Rebels and families are to be moved from the Qaboun neighbourhood to Idlib province according to the latest deal with government forces.

Syrian government forces and armed opposition groups have reached an agreement to evacuate rebel fighters and residents from the Qaboun neighbourhood of Damascus, as the Syrian army and its allies continue to advance in areas in and around the capital. 

The evacuation, is scheduled to take place on Sunday, and it will see rebels and civilians move to Idlib, an opposition stronghold in northwestern Syria. 

Syria's state news agency, Sana, reported on Saturday that the agreement had been reached after rebels surrendered following intense clashes in Qaboun. 

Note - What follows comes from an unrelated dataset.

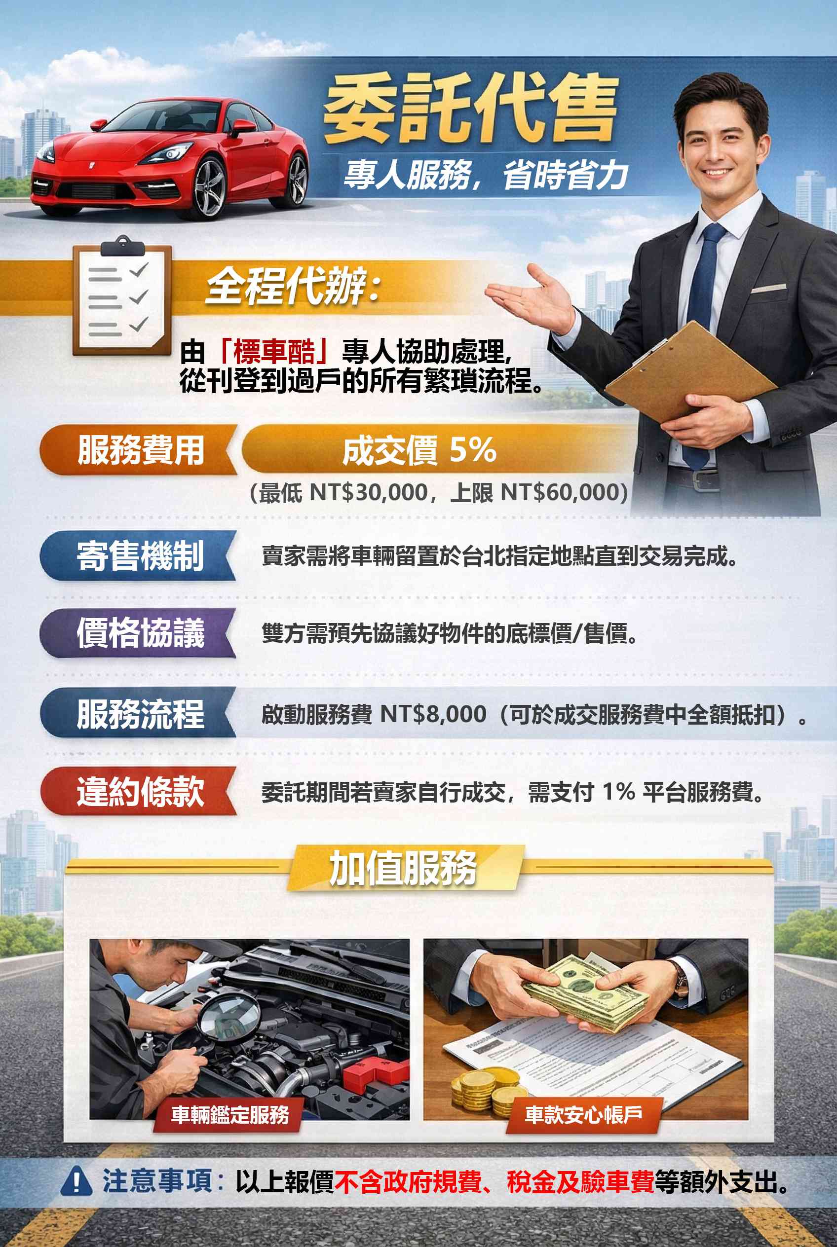 • 全程代辦: 由「標車酷」專人協助處理從刊登到過戶的所有繁瑣流程。

The UK-based Syrian Observatory for Human Rights have estimated that government forces have taken back most of the neighbourhood, leaving around 20 percent still under the control of rebel groups Ahrar al-Sham, Jaysh al-Islam and the Rahman Corps. 

The news of the deal comes just two days after hundreds of Syrian rebels and their relatives left a besieged Damascus suburb on Friday, the second group to do so as part of a local evacuation agreement with the government. 

SANA said 1,246 people, of whom 718 were fighters, left the Barzeh and neighbouring Tishreen districts northeast of Damascus, and near the rebel-held Eastern Ghouta pocket of towns and farms, which has been blockaded by government forces since 2013.

The Observatory said about 700 people left on Friday, including about 150 fighters.

The first batch of evacuations from Barzeh happened on Monday.

Syrian President Bashar al-Assad has promoted the use of such evacuations, along with what his government calls "reconciliation" deals for rebel-held areas that surrender to the government, as a way of reducing bloodshed in the six-year-old civil war.

However, the United Nations has criticised both the use of siege tactics, which precede such deals, and the evacuations themselves as amounting to forcible displacement.

The Syrian army has been steadily defeating a number of rebellion pockets near the capital, with the help of Russian air power and Iranian – backed armed groups.

The army offensive entered a higher gear in recent months in Barzeh and Qaboun, ending a local truce that had been in place with rebels there since 2014 and shutting access to a network of underground tunnels which supplied besieged eastern Ghouta, causing supplies to dwindle and prices to rocket.

Similar evacuation deals in the Palestinian refugee camp of Yarmouk, also situated in southern Damascus, have fallen through time and again. 

The conflict in Syria started as an uprising against Assad in March 2011, but it quickly escalated into a full-scale civil war, which has left hundreds of thousands dead.